Galaxy morphology changes once you go to a different color. You are more sensitive to different stellar populations. Blue filters pick up young, massive stars for preference and redder filters the older population of galaxies, one is more sensitive to star-formation, and the other overall stellar mass (something the S4G survey used to great effect).
This brings me to the narrow-band magic. Narrow filters are only sensitive to a short wavelength range. But if an emission line happens to lie in that range, the contrast for those images will be fantastic.
This is the idea behind the Merian Survey and what this week’s paper is all about:
A Nonparametric Morphological Analysis of Hα Emission in Bright Dwarfs Using the Merian Survey
Mintz+
[astroph]
The two filters used, each capturing either Halpha or Hbeta+OII. So instead of a morphology estimate that is dominated by stellar populations, the morphology of your images is almost exclusive the emission line. These emission lines, especially Halpha, is powered by new star-formation.
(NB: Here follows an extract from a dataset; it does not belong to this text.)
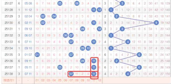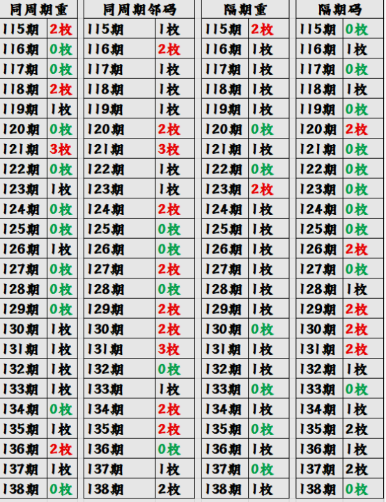 139期前区会经常出重复号码,重码个人建议选择0-1枚重码做为今天开奖号

So this survey maps new star-formation in nearby galaxies and where it occurs. They combine their observations with a local estimate of the stellar continuum from z-band.
This allows for a clean segmentation of the image. The issue with Halpha imaging is often that it is very fractured. Individual HII regions are not inter-connected. So it is hard to define the part of the image over which to compute…drumroll please…morphometrics!
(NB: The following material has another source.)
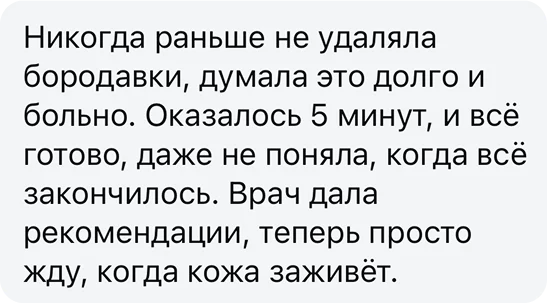 Результат: После удаления нароста врач дезинфицирует обработанную область и дает рекомендации по уходу за кожей. При необходимости назначает повторный прием для оценки результатов.

One can then start exploring the HII morphology space and its dependence on inferred galaxy properties; stellar mass and overall star-formation rate or combine these into specific star-formation rate (SSFR).
This is the Gini-M20 space that Lotz+ has used to identify disks, spheroids and interacting galaxies. The divisions look to be very different in Halpha morphology though!
The potential weakness is that the view of Halpha is skewed by dust. The authors address this and correct for this some. But to correct the morphology completely for that, commensurate hot dust (e.g. 20 micron imaging) would be necessary. Peter Kamphuis used something like that on…you guessed it NGC 891.
The correlations with SSFR is a first good exploration. I am curious to see what the survey team is going to be working on next!